Pero nada de eso se produjo. El portal se desvaneció como una pesadilla y no volvió.

Evidentemente, la ruina no era tan amenazadora. Dos veces por día, los acordeones grises ubicados bajo las ventanas se llenaban de un suave calor que difundían a través de todo el departamento.

Era claro que Bola había ganado el premio mayor de una lotería canina. Dos veces por día, al menos, sus ojos se llenaban de lágrimas de gratitud para el Sabio de la Prechistienka. Y todos los espejos del vestíbulo y de la sala de espera reflejaban su imagen, satisfecho y resplandeciente.

"¡Qué hermoso soy! Tal vez sea un príncipe perro desconocido, incógnito", se decía al contemplar en la profundidad de los espejos su figura de pelambre color café y de aspecto complacido. "Es muy posible que mi abuela haya pecado con un terranova. Es cierto, tengo una mancha blanca sobre el hocico. Me pregunto de dónde proviene. Filip Filipovich es un hombre de buen gusto, no habría recogido al primer bastardo que encontrara.
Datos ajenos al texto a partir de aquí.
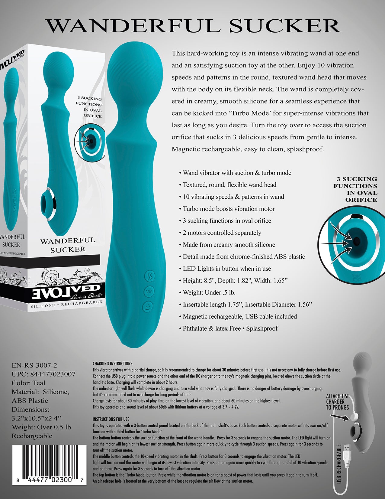Evolved Wanderful Sucker Wanderful Sucker Wand Massager. This hard working sex toy is an intense Vibrating Wand at one end and an satisfying suction toy at the other. Enjoy 10 vibration speeds and patterns in the round, textured wand head that moves with the body on its flexible neck. The wand is completely covered in creamy, smooth Silicone for a seamless experience that can be kicked into Turbo Mode for super intense vibrations that last as long as you desire. Turn the toy over to access the suction orifice that sucks in 3 delicious speeds from gentle to intense. Magnetic rechargeable. Easy to clean, splashproof. Features: Wand vibrator with suction and turbo mode. Textured, round, flexible wand head. 10 vibrating speeds and patterns in wand. Turbo mode boosts vibration motor. 3 sucking functions in oval orifice. 2 motors controlled separately. Made from creamy smooth Silicone. Detail made from chrome finished ABS Plastic. LED Lights in button when in use. Height 8.5 inches. Depth 1.82 inches. Width 1.65 inches. Bulk weight under half a pound. Insertable length 1.75 inches. Insertable diameter 1.56 inches. Magnetic rechargeable, USB cable included. Phthalate free and latex free. Splashproof. Categories: Vibrators, Clitoral Stimulators, Rechargeable Vibrators, Magic Wands, Body Massagers, Double Ended Body Massagers, Health and Beauty Aids. 2023.
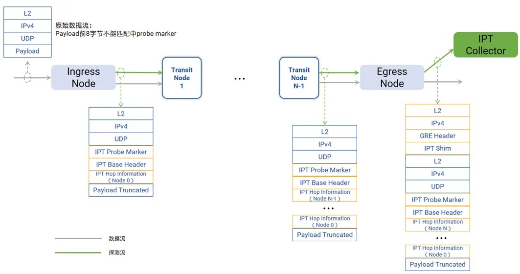 4. 插入标记与头信息:包含 探针标记(Probe Marker) 用于后续节点识别、IPT Base Header(标识版本和跳数等)以及该入口节点的统计信息。
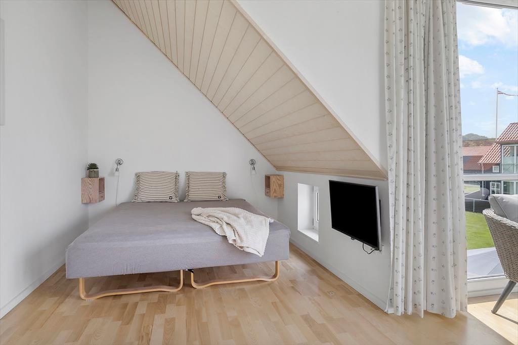 På første sal finder du to velindrettede soveværelser. Det ene soveværelse har en charmerende karnap med havudsigt. Der er også et badeværelse med spa – hop i spabadet, lad skuldrene falde ned, og nyd den afslappende feriestemning.
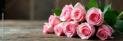 Fototapeta premium Beautiful bouquet of pink and white roses on a rustic wooden table, wooden...
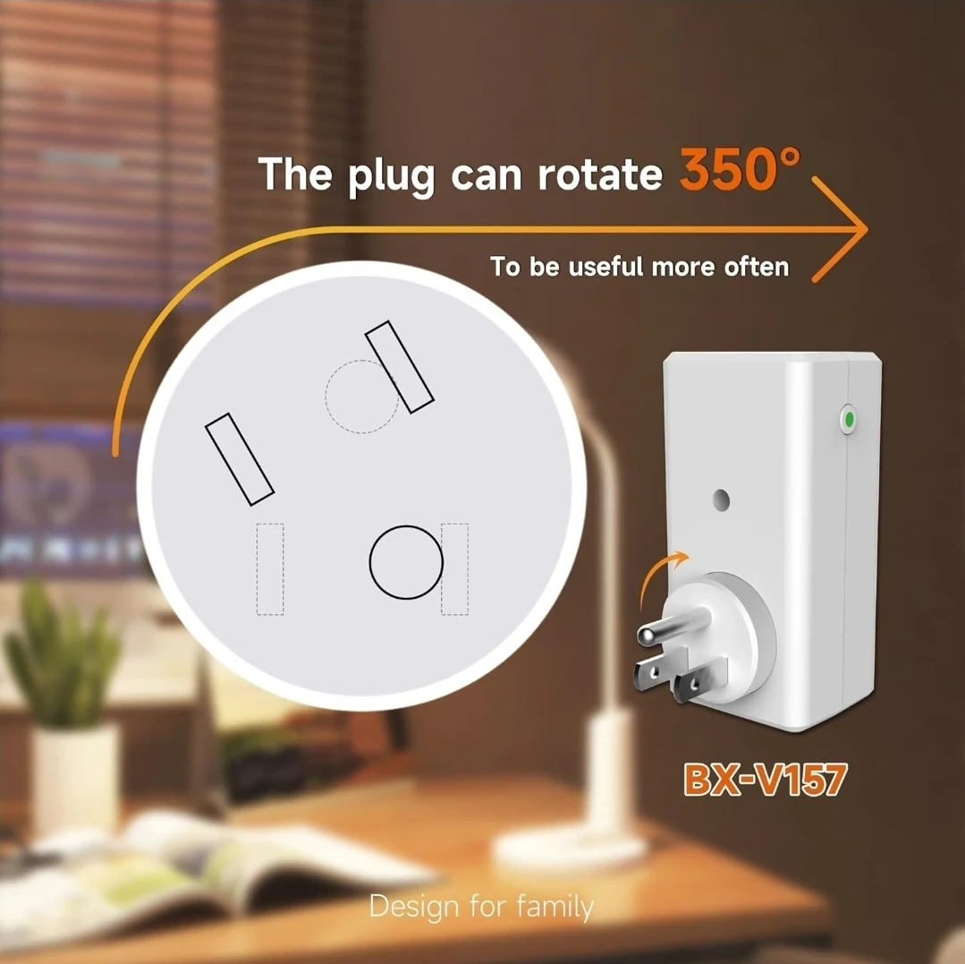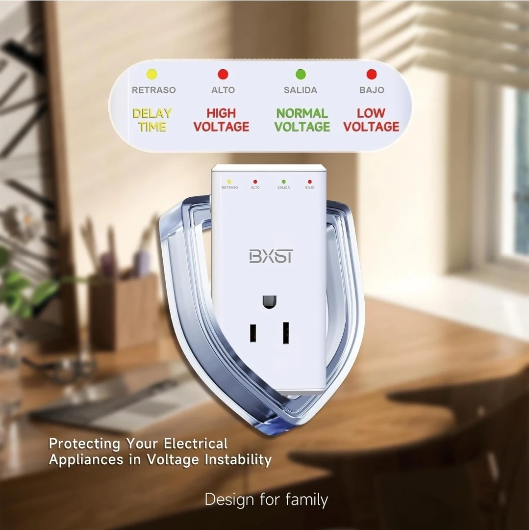 This BXST voltage protector is designed to safeguard household appliances. It features adjustable delay times of 15S/30S/3M and protects against high and low voltage. The plug rotates 350° for convenient use.
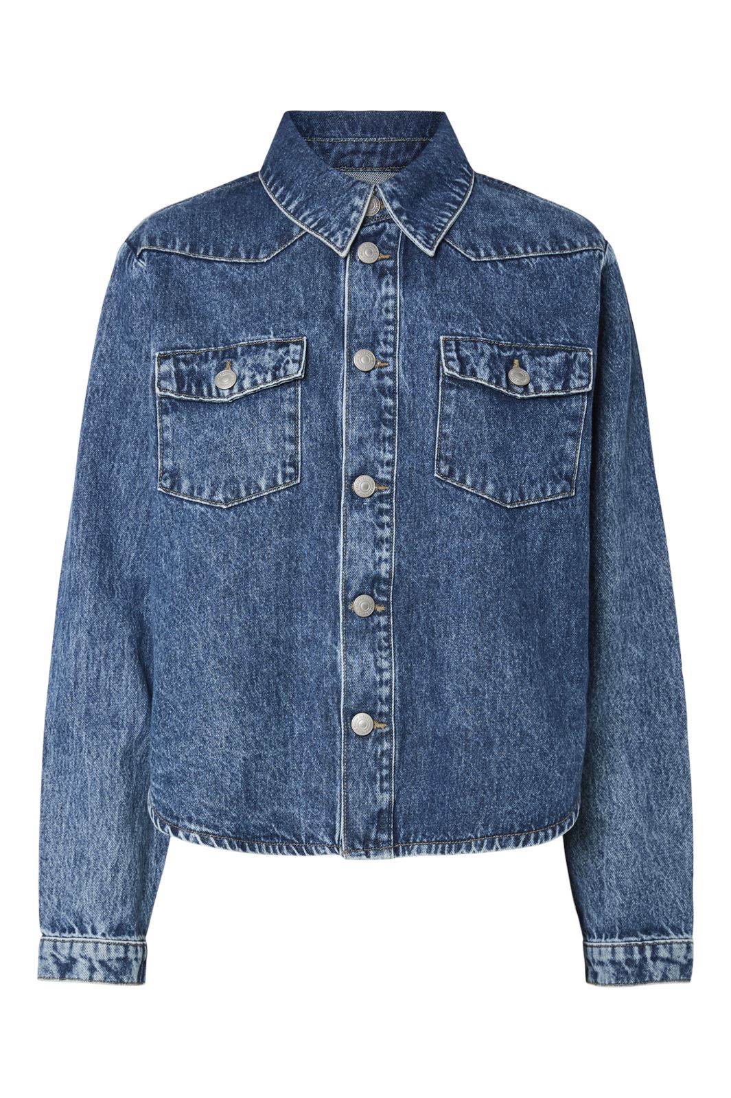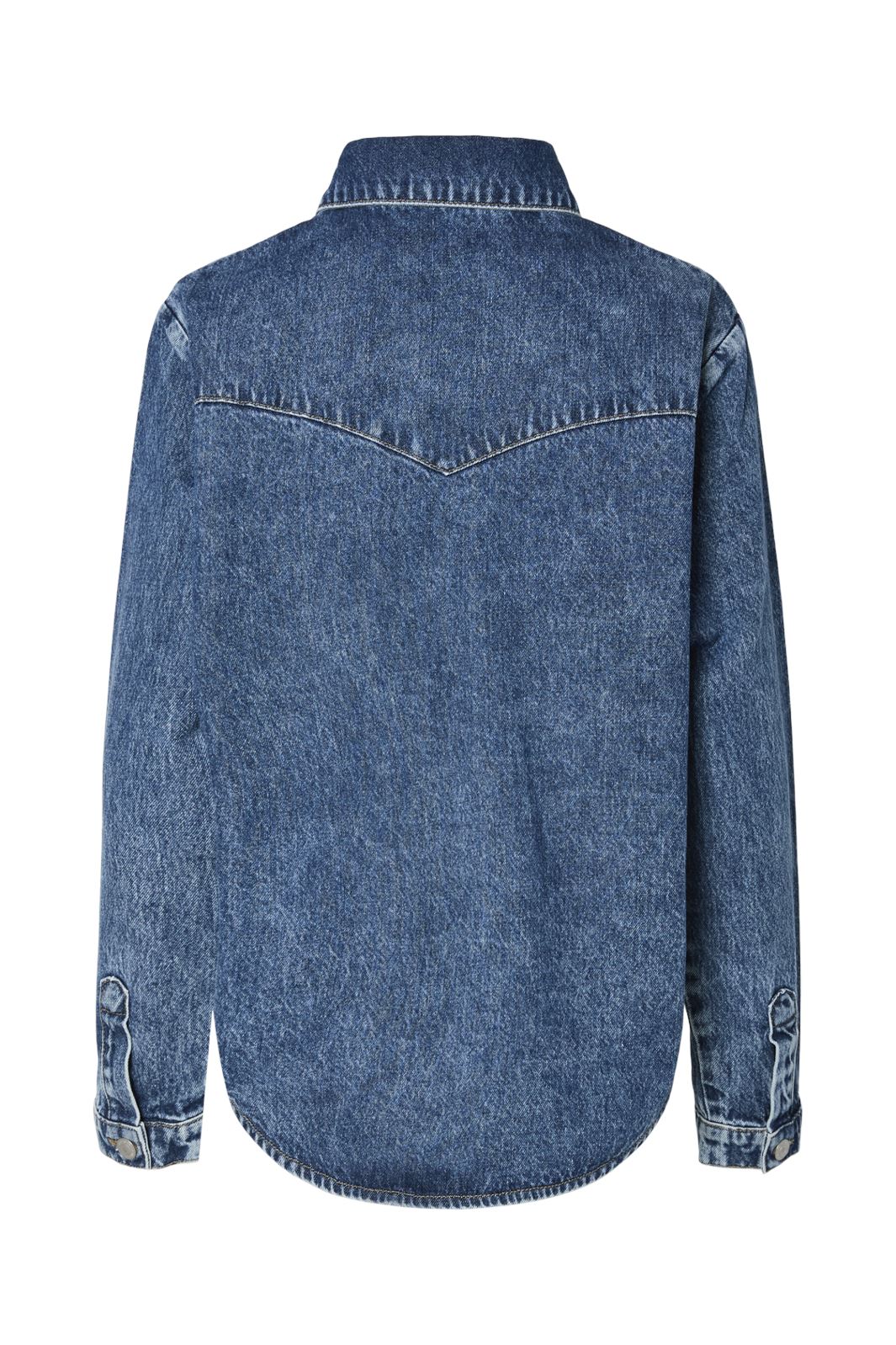 Denimskjorte fra Pieces i medium blå denim. En klassisk skjorte med brystlommer, knaplukning og dekorative syninger. Den løse pasform giver god bevægelsesfrihed.

En el término de una semana, el perro engulló tanto alimento como hambre había sufrido durante los últimos cuarenta y cinco días que había pasado en la calle. Y ello, sólo en lo concerniente a cantidad. Respecto a la calidad de lo que se comía en casa de Filip Filipovich, no valía la pena mentarlo siquiera. Aún sin tener en cuenta que Daría Petrovna compraba todos los días 18 kopecks de sobras de carnicería en el mercado de la Smolenskaia, basta con mencionar las comidas de la noche en el comedor, a las cuales él asistía, a pesar de las protestas de la elegante Zina. Durante esas comidas, la divinidad de Filip Filipovich quedó definitivamente consagrada; pues él se erguía sobre sus patas traseras y le mordisqueaba la chaqueta; había aprendido a reconocer la manera como Filip Filipovich tocaba la campanilla de la puerta... dos timbrazos breves y sonoros, timbrazos de patrón, y corría ladrando a recibirlo en el vestíbulo. El amo aparecía arrebujado en su abrigo de piel de zorro plateado, en el que brillaban millares de lentejuelas de nieve, oliendo a mandarina, a cigarro, a perfume, a limón, a agua de Colonia, a paño, y su voz resonaba por toda la casa como una trompeta de mando.